EXERCISE DIRECTIONS = Quote, word for word, only the lines running from the line with "A stick pin." through the end of the listing. Leave out the pictures.

======

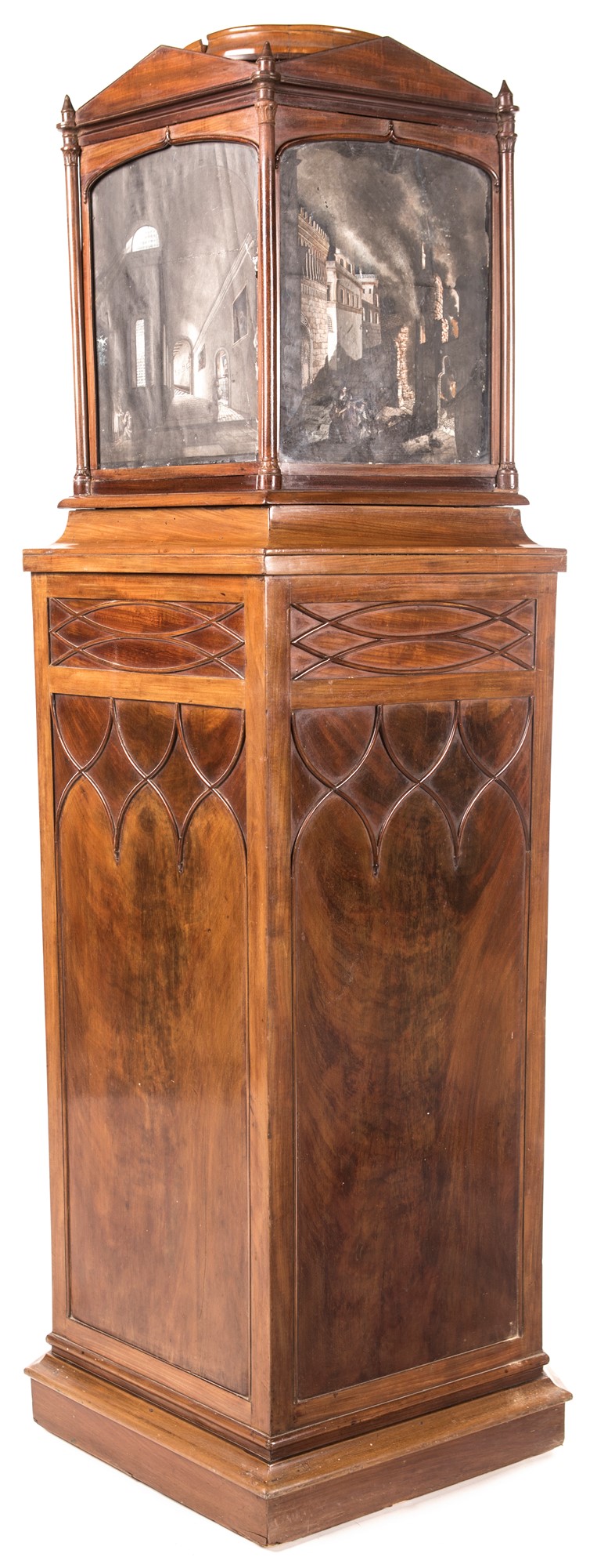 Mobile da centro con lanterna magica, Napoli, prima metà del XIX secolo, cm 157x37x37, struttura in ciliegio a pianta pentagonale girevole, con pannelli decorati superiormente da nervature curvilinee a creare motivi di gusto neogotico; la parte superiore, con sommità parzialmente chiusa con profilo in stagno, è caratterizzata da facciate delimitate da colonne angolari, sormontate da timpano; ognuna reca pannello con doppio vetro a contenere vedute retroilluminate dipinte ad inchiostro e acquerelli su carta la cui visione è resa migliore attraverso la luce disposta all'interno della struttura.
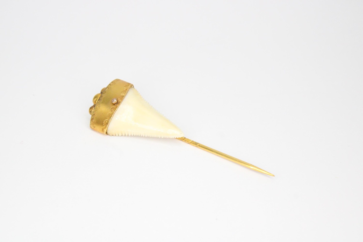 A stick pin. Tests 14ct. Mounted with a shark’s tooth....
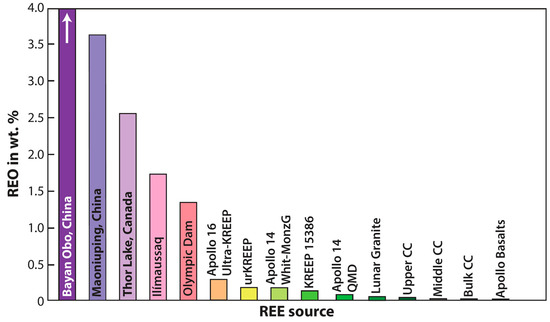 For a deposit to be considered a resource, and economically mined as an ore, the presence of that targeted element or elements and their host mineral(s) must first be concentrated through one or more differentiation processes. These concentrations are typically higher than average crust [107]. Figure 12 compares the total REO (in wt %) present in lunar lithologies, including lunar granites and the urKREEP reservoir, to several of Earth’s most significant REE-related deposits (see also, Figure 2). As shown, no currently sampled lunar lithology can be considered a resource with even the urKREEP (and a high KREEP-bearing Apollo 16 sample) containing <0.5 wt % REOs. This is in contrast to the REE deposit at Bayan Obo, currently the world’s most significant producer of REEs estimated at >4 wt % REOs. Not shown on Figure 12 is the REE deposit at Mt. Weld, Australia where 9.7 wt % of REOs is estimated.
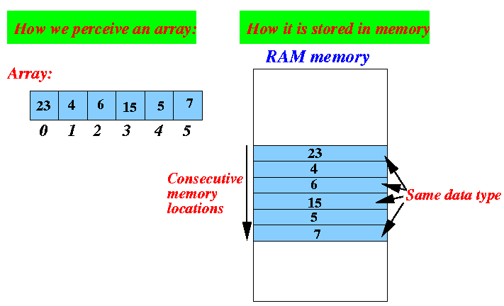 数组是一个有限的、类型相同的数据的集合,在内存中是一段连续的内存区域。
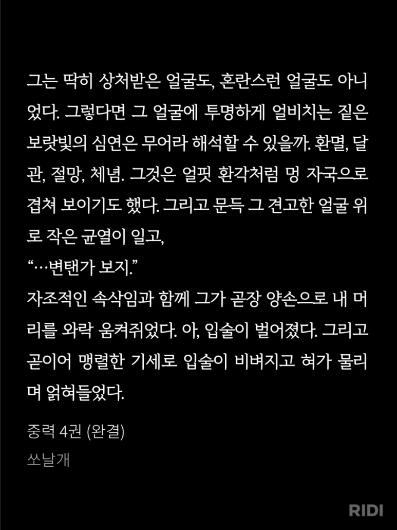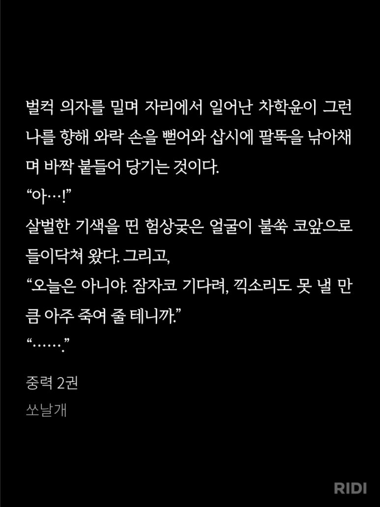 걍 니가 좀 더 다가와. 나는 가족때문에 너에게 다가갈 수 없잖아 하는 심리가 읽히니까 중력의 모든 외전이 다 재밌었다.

======

RESULT =
 A stick pin. Tests 14ct. Mounted with a shark’s tooth....
 For a deposit to be considered a resource, and economically mined as an ore, the presence of that targeted element or elements and their host mineral(s) must first be concentrated through one or more differentiation processes. These concentrations are typically higher than average crust [107]. Figure 12 compares the total REO (in wt %) present in lunar lithologies, including lunar granites and the urKREEP reservoir, to several of Earth’s most significant REE-related deposits (see also, Figure 2). As shown, no currently sampled lunar lithology can be considered a resource with even the urKREEP (and a high KREEP-bearing Apollo 16 sample) containing <0.5 wt % REOs. This is in contrast to the REE deposit at Bayan Obo, currently the world’s most significant producer of REEs estimated at >4 wt % REOs. Not shown on Figure 12 is the REE deposit at Mt. Weld, Australia where 9.7 wt % of REOs is estimated.
 数组是一个有限的、类型相同的数据的集合,在内存中是一段连续的内存区域。
 걍 니가 좀 더 다가와. 나는 가족때문에 너에게 다가갈 수 없잖아 하는 심리가 읽히니까 중력의 모든 외전이 다 재밌었다.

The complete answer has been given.